Taking the fledgling Proton to new heights will be no small task. Not just for Roberts as a rider, but for the 50-odd employees of his father’s U.K.-based GP Motorsports. With six Hondas and four Ducatis in the field, just cracking the top 10 will be a victory.

“My dad’s team could make a bike that’s better than a Honda,” Roberts says emphatically. “But they’re so small compared to Honda, and they have to develop and race at the same time. Honda doesn’t have to do that.”

No one knows that better than Roberts Sr. “From where we started, with the budget we had, to make something from nothing in a year-the first time the bike ever saw a racetrack was in practice for the French Grand Prix-we’ve come a long way.

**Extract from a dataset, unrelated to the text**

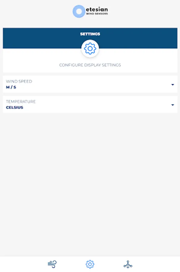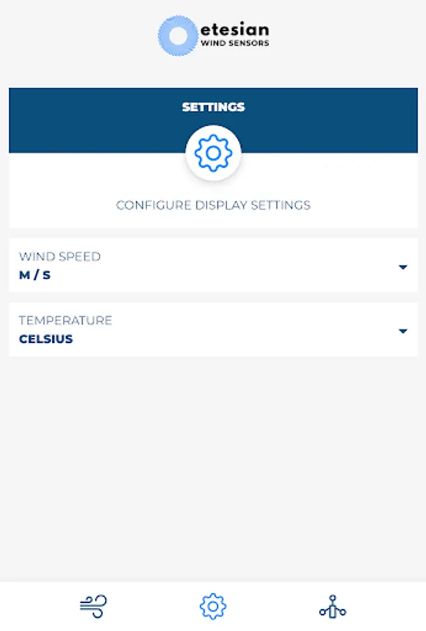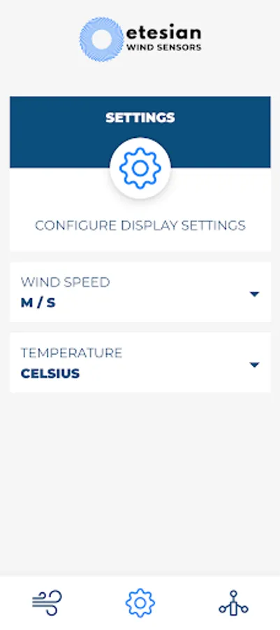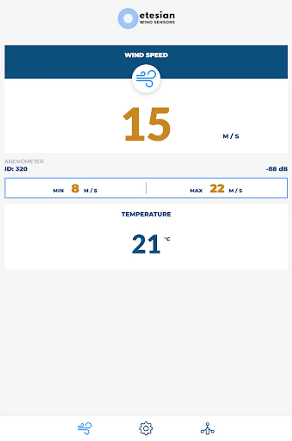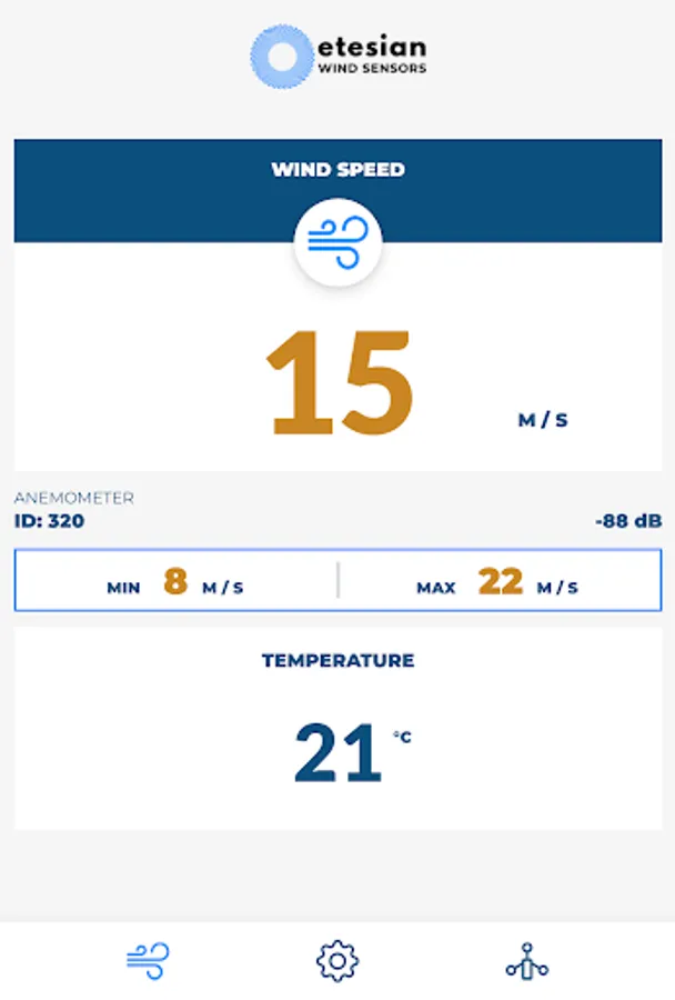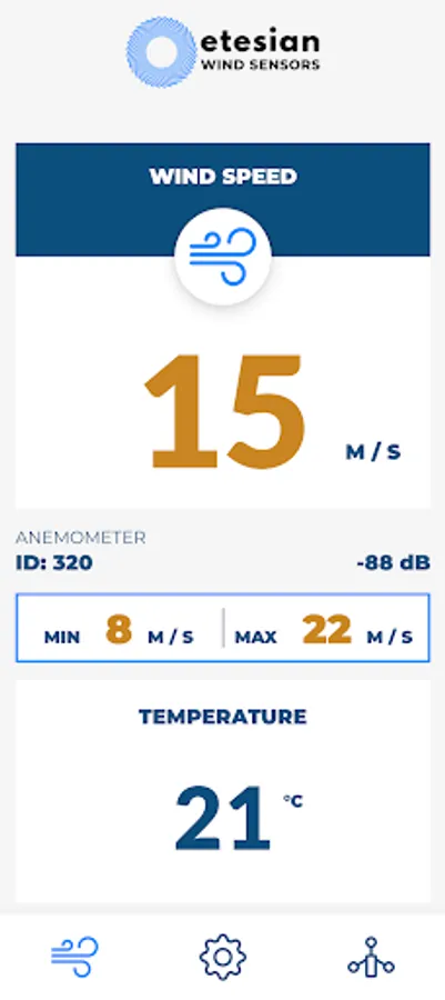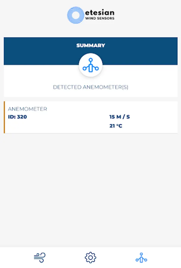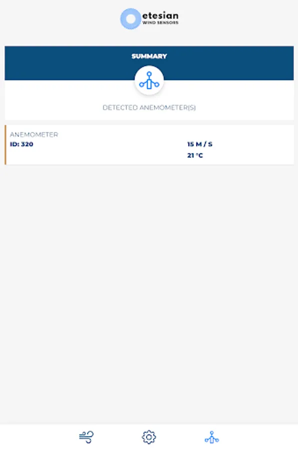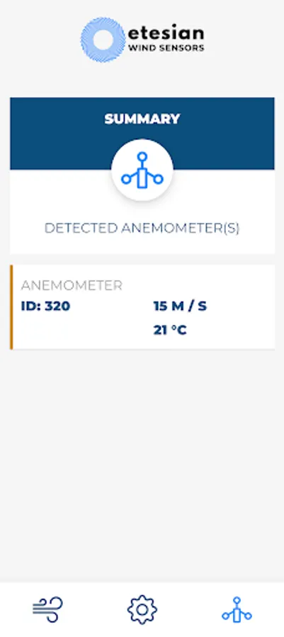 The Etesian Wind app receives and displays the wind speed from any Etesian Bluetooth LE anemometer that is within transmission range from a self-powered wireless anemometer. The app searches for any broadcasting anemometer signal and provides the user with the option to select one of the sensors for display on the main page. All of the detected anemometers wind speed and temperature transmissions can be viewed on a separate summary page.

“We don’t have 10 engineers on every aspect of the motor,” he adds. “Six or seven people put this thing together, had it manufactured and brought it to a racetrack. The bike will probably be 90 percent different this year. We’re keeping the vee angle, but the rest of it will be different.”

Despite the disparity in horsepower and top speed with the Hondas and Ducatis and Yamahas, despite constantly leap-frogging technology, despite unknowns with tires, Kurtis remains encouraged. “I want to do the best I can,” he says simply.